Особенное значение в этом отношении имеет комплекс Эдипа, из сублимированной инстинктивной силы которого почерпнуты образцовые произведения всех времен и народов. Сексуальное лежит в основе искусства и определяет собой и судьбу художника, и характер его творчества. Совершенно непонятным при этом истолковании делается действие художественной формы; она остается каким-то придатком, несущественным и не очень важным, без которого, в сущности говоря, можно было бы и обойтись. Наслаждение составляет только одновременное соединение двух противоположных сознаний: мы видим и переживаем трагедию, но сейчас же соображаем, что это происходит не в самом деле, что это только кажется. И в таком переходе от одного сознания к другому и заключается основной источник наслаждения. Спрашивается, почему всякий другой, не художественный рассказ не может исполнить той же самой роли? (примеч. xlix).
Рассуждая о "переходе от сознания к сознанию", Л.С. Выготский не учел разницы между значениями нового в русском языке слова "сознание" и привычного для русских слова "совесть". Согласно В.И. Далю, "совесть является тайником души, в котором отзывается одобрение или осуждение каждого поступка; нравственным сознанием, чутьем или чувством в человеке; внутренним сознанием добра и зла". Выготский, как Р. Декарт, понимал сознание как способность мыслить: Cogito, ergo sum ("мыслю, следовательно, существую"). Однако есть огромная разница между переходом от одного способа мышления к другому и переходом нутряного восприятия добра за зло и наоборот.
Перестройка русской психологии с изучения души на изучение сознания двуногих запутала русскоязычных обывателей и ученых. На недопустимость подобного рода языковых мутностей указывал в начале XIX в. М.М. Сперанский:
Первое свойство слога, рассуждаемого вообще, есть ясность. Ничто не может извинить сочинителя, когда он пишет темно. Никто не может дать ему права мучить нас трудным сопряжением понятий.

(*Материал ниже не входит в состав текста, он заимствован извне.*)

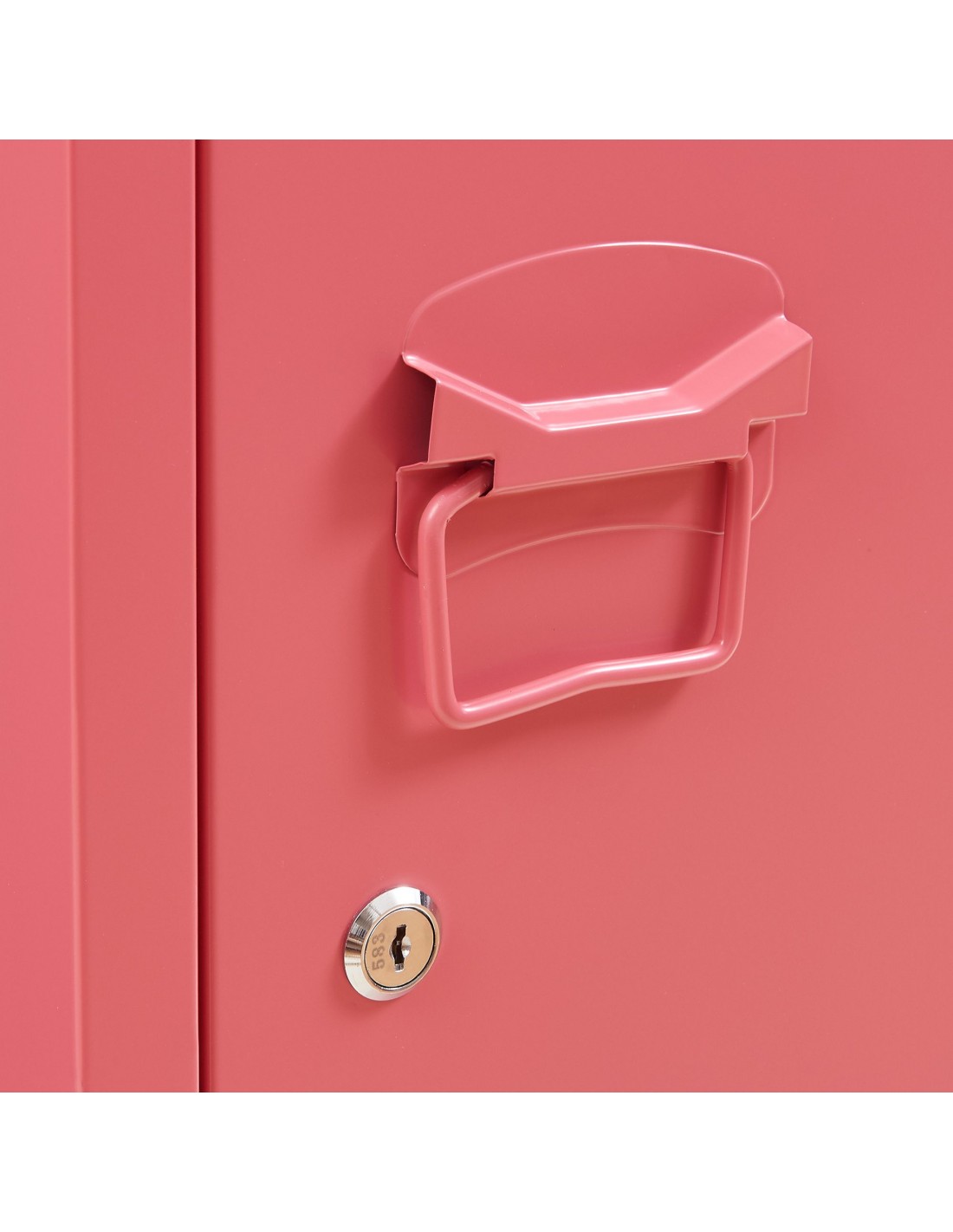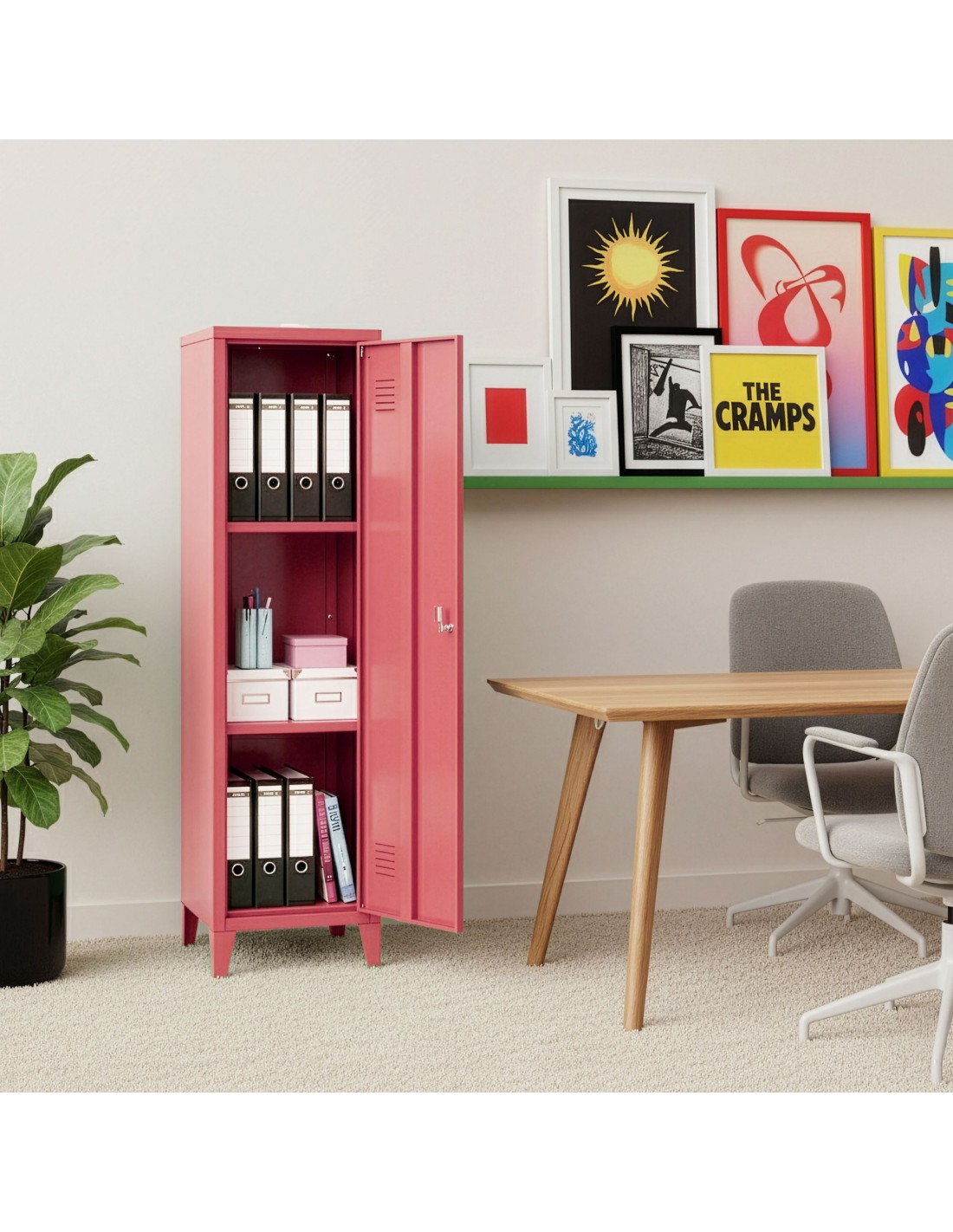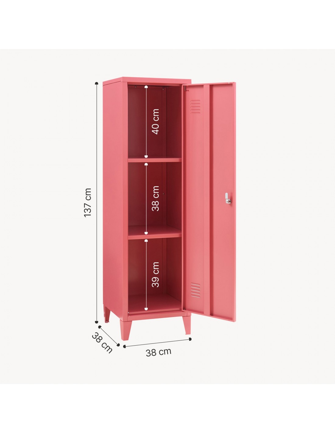 Kurik garderobeskab udført i et design af vandmelonrød lakeret metal. Garderobeskabet måler 137 cm i højden og 38 x 38 cm i bredde og dybde og indeholder 3 hylderum.

Каким бы слогом он не писал, бог доброго вкуса налагает на него непременяемый закон быть ясным. Объемлет ли он взором своим великую природу – дерзким и сильным полетом он может парить под облаками, но никогда не должен он улетать из виду. Смотрит ли он на самую внутренность сердца человеческого – он может там видеть тончайшие соплетения страстей, раздроблять наше чувствие, уловлять едва приметные их тени, но всегда в глазах своих читателей; он должен их всюду с собой вести, все им показывать и ничего не видеть без них. Он заключил с ними сей род договора, как скоро принял в руки перо, ибо принял его для них. А посему хотеть писать собственно для того, чтобы нас не понимали, есть нелепость, превосходящая все меры нелепостей. Если вы сие делаете для того, чтоб вам удивлялись, сойдите с ума – вам еще больше будут удивляться (примеч. 1).
III. Горе от ума
Язык воспроизводит действительность. Это следует понимать буквально: действительность производится заново при посредничестве языка. Тот, кто говорит, своей речью воскрешает событие и свой связанный с ним опыт. Тот, кто слушает, воспринимает сначала речь, а через нее и воспроизводимое событие (примеч. li).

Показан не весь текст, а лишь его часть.